The progressive disease is kind of an overlap between Parkinson's
and Alzheimer's, Moylan said. It's named for Friederich Lewy, a
scientist who, while researching Parkinson's in the early 1900s,
discovered abnormal deposits of protein that disrupt the brain's
normal functioning. These deposits are now called "Lewy bodies."
Some of these deposits are found in the brain stem, where they
deplete the neurotransmitter dopamine, causing Parkinson's symptoms.
But some deposits may form in higher regions of the brain, producing
problems with thinking and memory.
In Edwards' case, the hallucinations should have been a dead
giveaway to the diagnosis. Alzheimer's patients rarely experience
hallucinations early on in their disease, but they're usually a
hallmark symptom in Lewy body dementia.
"They're often pretty well-formed hallucinations, too, where they
see people they know or animals or children," Moylan said. "But they
also seem pretty aware that it's not real, and often some people
aren't very bothered by them, which is kind of surprising."

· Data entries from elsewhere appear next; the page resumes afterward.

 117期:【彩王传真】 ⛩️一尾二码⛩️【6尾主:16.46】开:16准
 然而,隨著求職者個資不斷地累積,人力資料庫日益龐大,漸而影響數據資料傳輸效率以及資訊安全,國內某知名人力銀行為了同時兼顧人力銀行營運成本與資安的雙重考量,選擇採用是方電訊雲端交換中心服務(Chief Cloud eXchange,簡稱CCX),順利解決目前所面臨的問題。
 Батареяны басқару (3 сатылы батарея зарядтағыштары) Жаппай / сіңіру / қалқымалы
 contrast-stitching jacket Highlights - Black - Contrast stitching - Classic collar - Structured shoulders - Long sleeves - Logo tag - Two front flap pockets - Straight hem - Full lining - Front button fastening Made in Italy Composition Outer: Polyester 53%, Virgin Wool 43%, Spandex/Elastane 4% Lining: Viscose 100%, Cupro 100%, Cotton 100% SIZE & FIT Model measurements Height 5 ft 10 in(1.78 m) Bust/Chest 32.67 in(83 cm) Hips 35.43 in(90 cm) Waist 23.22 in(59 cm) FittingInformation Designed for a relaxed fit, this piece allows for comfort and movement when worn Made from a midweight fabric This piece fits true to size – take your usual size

Lewy body patients also often exhibit symptoms of Parkinson's
disease. As in Edwards' case, these symptoms can be exacerbated by
the wrong medication.
"Probably more important than anything is not to use the wrong
medicine," Moylan said. "You hurt people a lot more than you help
them using the wrong drug."
Finally, Alzheimer's usually starts with mild memory problems and
slowly, but steadily, progresses. Patients with Lewy body may
fluctuate widely in their functioning, appearing lucid one day and
confused the next.
"They have such severe fluctuations in how alert they are that at
times people are thought to have passed out or had a seizure,"

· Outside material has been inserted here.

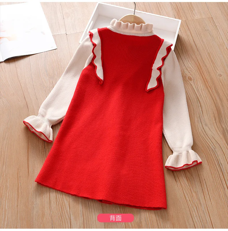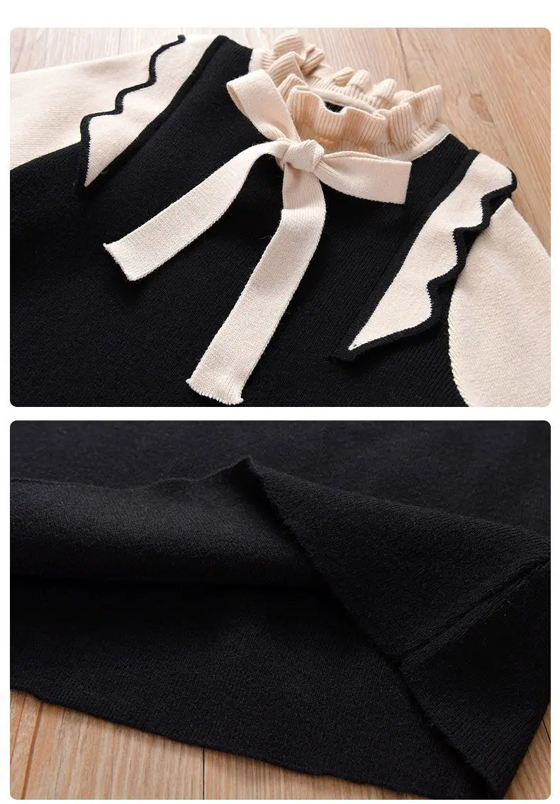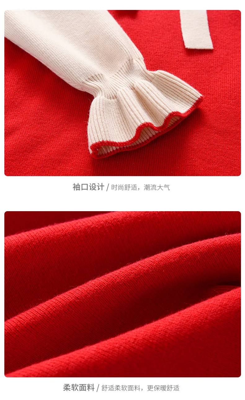 2026 Autumn winter Teenagers Girls Kids bowtie Knit Sweater Dresses Princess clothes new year christmas 4 5 6 7 8 9 10 11 year
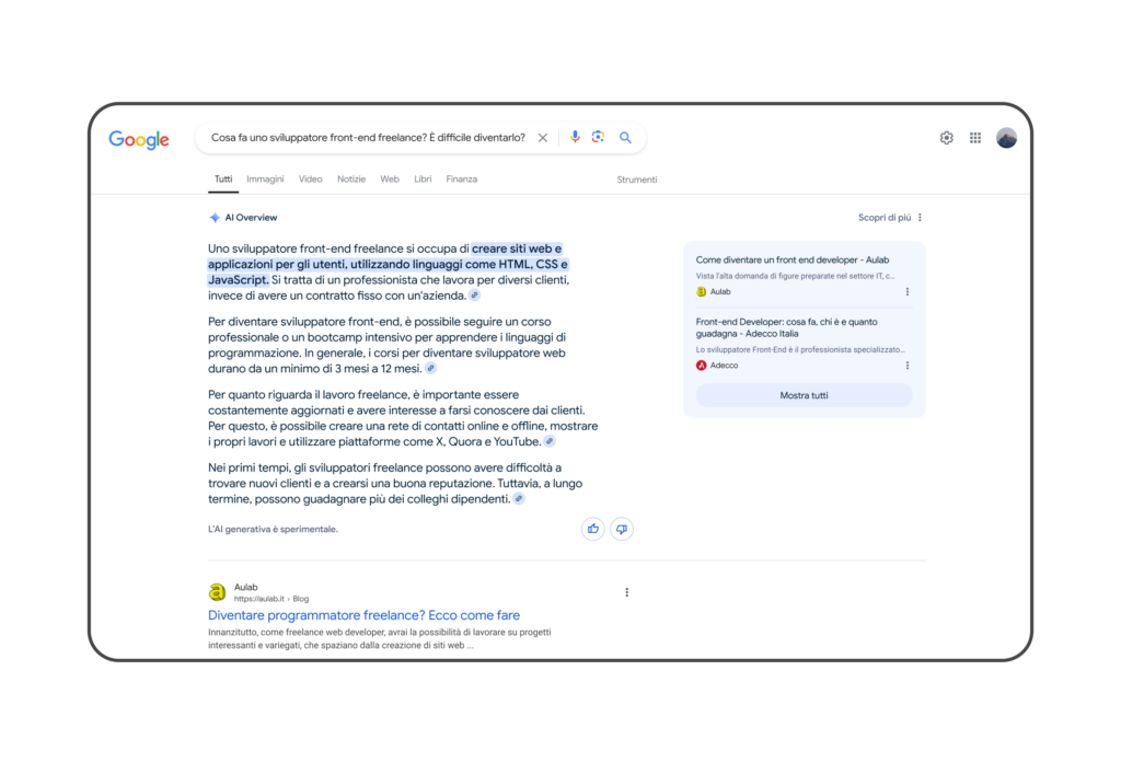Grazie alla nuova funzionalità della Ricerca Google – AI Overview – ora è più semplice per le persone fare domande elaborate, trovare le informazioni che cercano e scoprire siti web utili per rispondere ai loro bisogni.

Moylan said. "They're almost unconscious. So it's not too uncommon
to see patients admitted to the hospital a couple of times to try
and find out why they're passing out."
Currently, no cure or treatment is available but medications can
help manage both the physical and psychological symptoms. A person
commonly lives five to seven years with the disease, although they
may survive as many as 20, according to the Lewy Body Dementia
Association in Tempe, Ariz.
For Edwards, the road back had its early potholes. When taken off
her Risperdal, she became extremely agitated -- "like someone who
had been on drugs and was coming down," her daughter said.

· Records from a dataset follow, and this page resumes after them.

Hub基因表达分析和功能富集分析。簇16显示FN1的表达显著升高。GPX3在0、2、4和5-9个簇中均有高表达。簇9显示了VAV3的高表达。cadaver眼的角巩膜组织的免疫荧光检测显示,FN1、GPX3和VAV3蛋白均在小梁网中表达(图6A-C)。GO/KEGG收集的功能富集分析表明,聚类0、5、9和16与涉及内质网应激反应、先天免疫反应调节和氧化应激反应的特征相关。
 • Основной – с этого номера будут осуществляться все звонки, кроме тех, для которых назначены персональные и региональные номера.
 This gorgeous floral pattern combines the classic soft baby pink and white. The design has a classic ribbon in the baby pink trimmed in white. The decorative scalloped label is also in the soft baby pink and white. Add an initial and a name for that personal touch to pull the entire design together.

Edwards said she doesn't remember much about those days, but with
her new anti-psychotic, Seroquel, she is back to her old self,
helping fix dinner, washing dishes, folding wash and watching her
Gaither Family gospel videos.
"I think I do about as much as any other almost 84-year-old would
do," she says proudly.
And, although she still has occasional hallucinations, her mind
seems little affected otherwise. She remembers both her next
appointment with Moylan (in December) and that she was just 17 when
she married 16-year-old Carl in 1939. (He died in 1997.)
"Not all dementia is Alzheimer's disease," Moylan said. "So, when
people have atypical presentations of their dementia, they should
really see a specialist to try to be more confident about what the
problem is and that it's being managed correctly."